Sen. Sarah Love presented SB 686, a product‑phase approach that would phase out intentionally added PFAS in selected consumer products and establish a fund for remediation, monitoring, and community assistance.
Public‑health testimony came from Natalie Exum, a Johns Hopkins professor, who summarized the evidence linking some PFAS to cancers, thyroid disease and reproductive harms and urged states to reduce population exposure. "If I were to test everyone's blood in this room...97 of us would actually have this in our blood right now," Exum said, citing widespread exposure from consumer products.

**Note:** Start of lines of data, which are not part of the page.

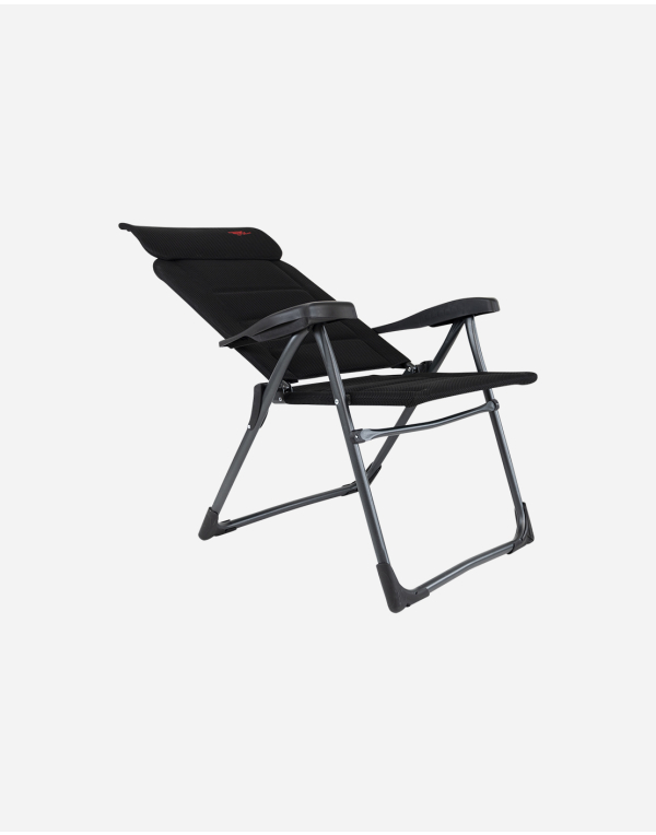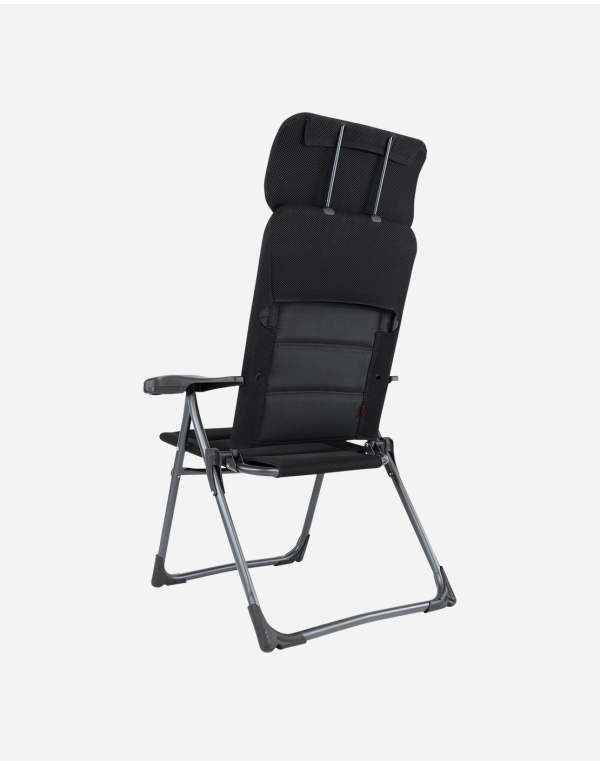 Silla de posiciones extremadamente compacta. Es la Silla de camping más plana. Se pliega en plano con un grosor de tan solo 6cm. Proporciona un extraordinario confort gracias a su respaldo reclinable en 7 posiciones y su cabezal ergonómico Compact regulable en altura (longitud del respaldo: 64-81 cm.). Tejido acolchado Air-Deluxe 3D, antialérgico y repelente de ácaros según certificado OEKO-TEX Standard 100, que permite una extraordinaria ventilación. La Silla tiene estructura en U con estabilizadores y tubos de espesor superior para mayor solidez y estabilidad. Plegado fácil y súper compacto (92x64x6 cm). Ideal para remolque tienda, camper, furgo, van...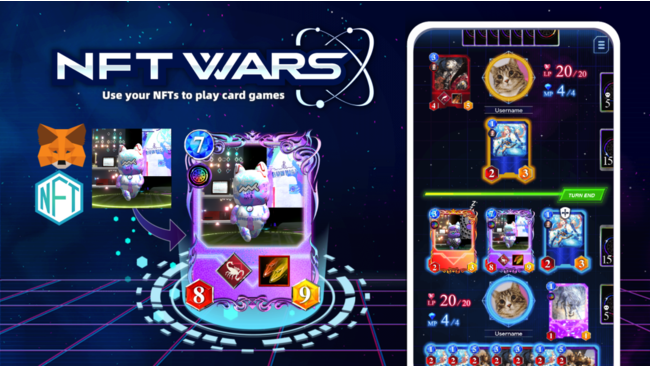 『NFTWars』は、手軽にNFTプロジェクトにゲームのユーティリティを付与できるサービスです。ユーザーはウォレットで所有するNFTを使用し、様々なNFTプロジェクトのカードゲームで遊ぶ世界の実現を目指します。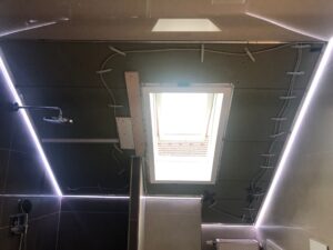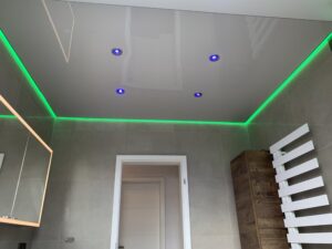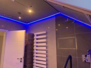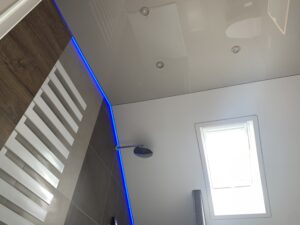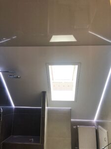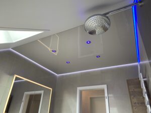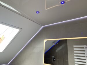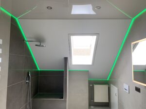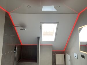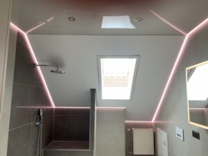 In diesem Projekt wurde ein Badezimmer mit Dachschräge vollständig neu gedacht. Zum Einsatz kam eine Kombination aus matter und hochglänzender Lackspanndecke, ergänzt durch ein umlaufendes RGB-Lichtsystem.

Environmental and waterkeeper groups described detection of PFAS across Maryland waterways and called for a two‑pronged approach: upstream product phase‑outs and downstream treatment and monitoring. Assistant Secretary Zachary Schafer of MDE said the department supports the bill's mission and suggested technical amendments — notably to the product‑disclosure/registration provisions — to reduce implementation burdens.
Industry witnesses including cookware manufacturers, chemical and equipment makers, and consumer brands warned against treating all PFAS as identical. The Cookware Sustainability Alliance and several firms urged exemptions for fluoropolymers (PTFE), arguing those chemistries are functionally different, durable and not bioavailable; other trade groups requested narrower product definitions and more time to comply.
The committee did not vote. Sponsors signaled they will propose amendments to narrow the reporting obligation and refine textile and cookware definitions while maintaining a focus on phasing out intentionally added PFAS.